Feminist bookshelf: We should all be Feminists

I’ve wanted to do regular book reviews for a while now, as I love to read (surprise!) and I paid £27,000 for the privilege. I mean I also got a degree out of it and wrote a few thousand words too, but essentially I paid a hefty lil sum to work my way through someone else’s book recommendations…

Anyhoo. As you can imagine, I now own a ridiculous amount of books. Not all of them are worth reading, so I’ll select my faves. They cover a wide variety of topics such as world politics, classics, history, lit theory, psychology, sociology, theology, science and I also have a considerable amount of feminist literature. Again, a shocker I know.

I thought I’d start with one of my earliest and shortest feminist reads off my lil feminist bookshelf, We Should All Be Feminists by Chimamanda Ngozi Adichie.

Chimamanda originally delivered this speech as a TED talk in 2012. The text is a transcript of this speech.

Born and raised in Kenya, Chimamanda discusses both the male and female treatment of her own sex. In certain clubs in Kenya women are not allowed entrance unless they are accompanied by a man. Once Chimamanda paid for dinner for herself and a male friend, and the waiter thanked her friend – the man. He assumed that the money she gave him had come from the man sitting opposite her. These experiences not only enlightened Chimamanda to feminism and the realisation that she was a feminist – however dirty the word may have seemed at that time to her – but they also educated progressive men around her.

Chimamanda shares many stories that shaped her feminism, all of which outline that men are treated differently – better – than women. If we want to achieve equality, Chimamanda states, then we have change the way we raise girls and boys as children. Boys cannot be told they need to be strong, and powerful, and successful, if girls are not told the same. Girls cannot be told to be likeable, polite, quiet, if boys are not told the same. Otherwise how will these boys and girls grow to become equals as adults when they have completely different values?

“We teach girls that they can have ambition, but not too much … to be successful, but not too successful, or they’ll threaten men.”

In a sense, from childhood a conflict is set out between what a woman and what a man should be. They don’t fit together according to Chimamanda; they cannot live harmoniously if they don’t treat themselves or each other equally.

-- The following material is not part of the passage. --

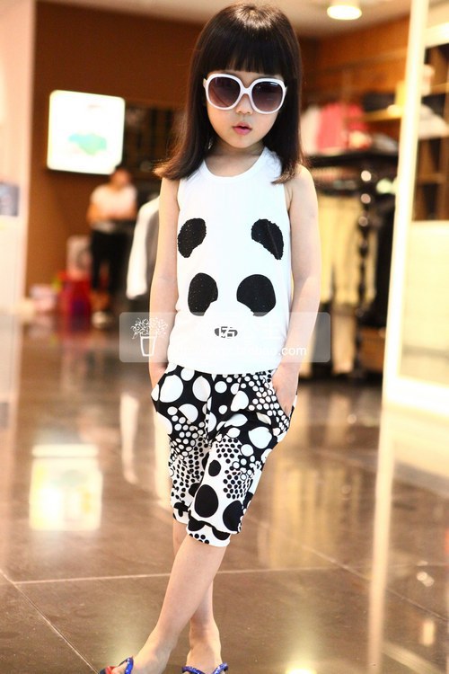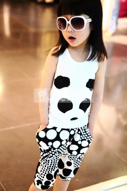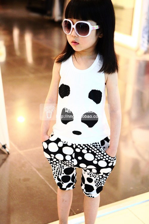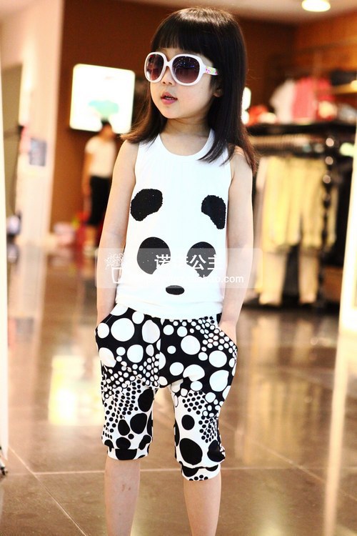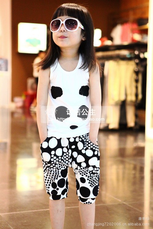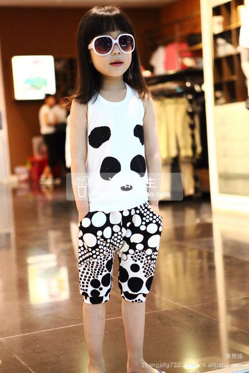 厂家直销 2013女童装夏款 可爱熊猫无袖中小童套装

Despite our cultural differences, I understood exactly how Chimamanda felt in each situation. In school the person who scored the highest on the test got to be register monitor, so, Chimamanda worked hard and scored the highest on the test. But the role was given to the person who scored the second highest, because he was a boy. The teacher had not told the class that a girl couldn’t take the role beforehand as it was meant to be implicit.

Sound familiar? That a hard working, smart woman would lose a promotion to a man? Just a tad.

It’s a refreshing, educational and relatable book that’s really worth a read.